I just don't know where to start to explain how cool he is. Did I mention he is 94 years young? Maybe my favorite story about him is this. As a kid, when my mother (his daughter) was pregnant with me he could often be seen placing headphones on her ever expanding belly. Mom was not a fan I hear. It would seem I needed, even as a fetus, to hear Jack Buck call Cardinals baseball games.
He explains to this very day that the thought his first grandson wouldn't be a Cardinals fan just wasn't acceptable. 41 years later, well he was very successful. Here he is with my grandmother in July of '69 celebrating my birth.
I am blessed, he is blessed with a mind as nimble as it as ever been. We talk for hours and hours about the Cardinals to this very day.
The first time he ever really left his small rural town, the town my family still lives in and has since 1860's, was to fight the Nazis.
I have no idea what he did during WWII. When asked he just says his government paid for him to "walk around Europe." When he got back home he got a job working at a Snap-on plant. Entry level. He'd work there for 35 years until he eventually ran the place. Tool and die maker. Now I don't know, I need like a 10 page PDF to hang a picture, but I hear he made the best tools known to man. He was very proud of what he did for a living.
Oh did I mention he liked to ride motorcycles really fast.
Grandmother, who he was married to for 57 years before she passed away, put a stop to that.

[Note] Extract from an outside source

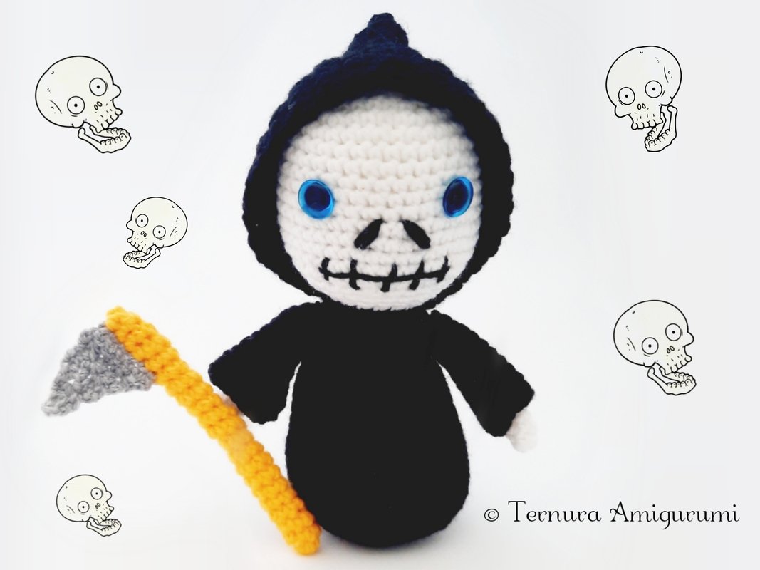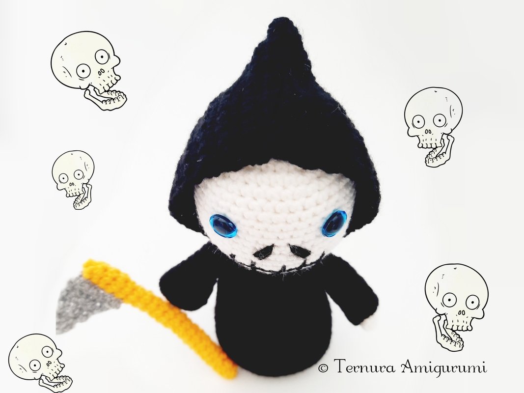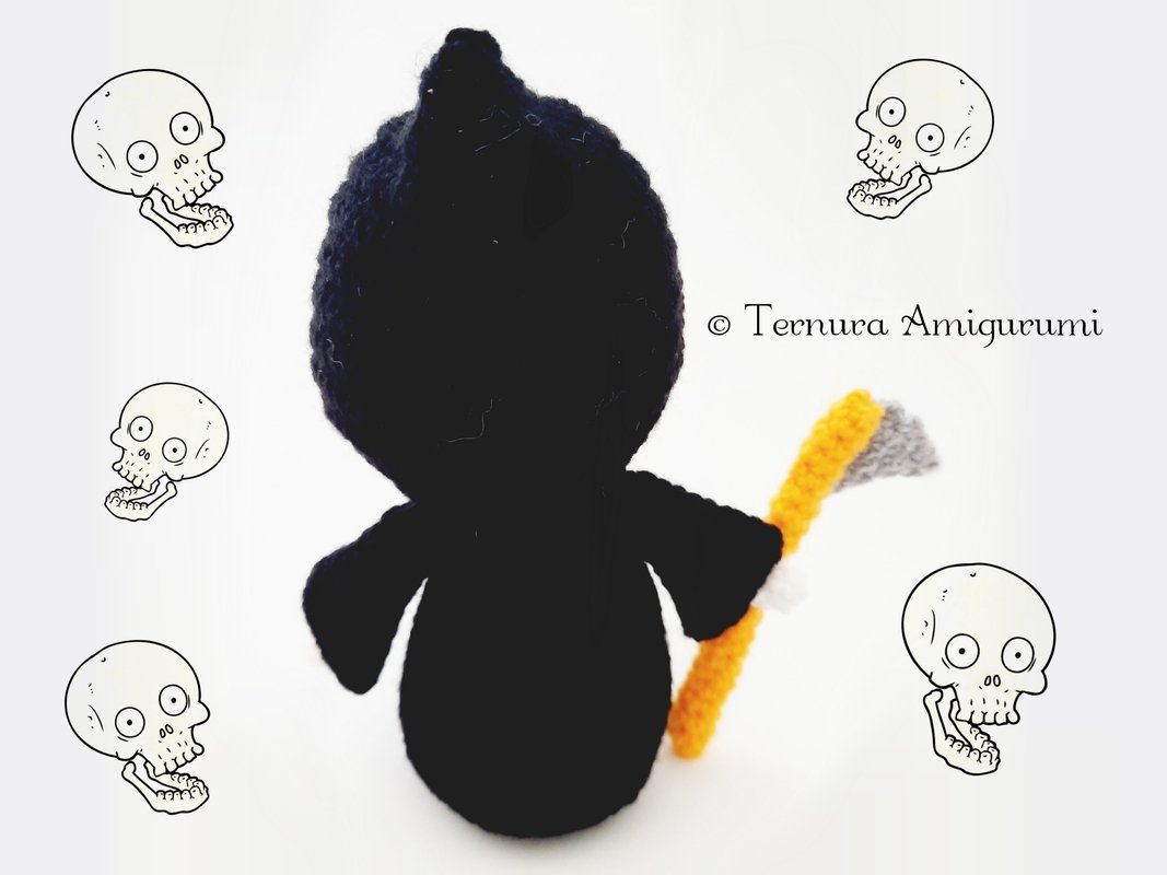 Here I bring you a nice Grim Reaper! It is very nice, you can make it for Halloween or to add to your collection, the children love it! His finished measurements are approximately 20cm. The size may vary depending on the size of the needle and the yarn.

He never went to college but put his three children through college.
In his free time he liked to play golf and build stuff. When as a kid in the 70s I wanted Star Wars stuff he made me wooden toys. I didn't appreciate it at the time but I have them all to this day and it is like the coolest stuff you've ever seen. Something that could only be made with two skilled hands and a lot of love.
Bored in retirement he built each of his nine grandchildren a grandfather clock. Chopped down the tree, planed it (is that the right word?) and went to work. Still bored when he was done he started with his oldest grandchild (that would be me) and started making us a second one. Several of his grandchildren have more then one :).
Here he is with my grandmother and all this grandchildren, Christmas day 1990.
And yes that clock on the mantel, he made that as well.
When my parents and I take him out for dinner tonight, just for a Whopper at Burger King cause that is what he wants, I'm going to hug him extra hard!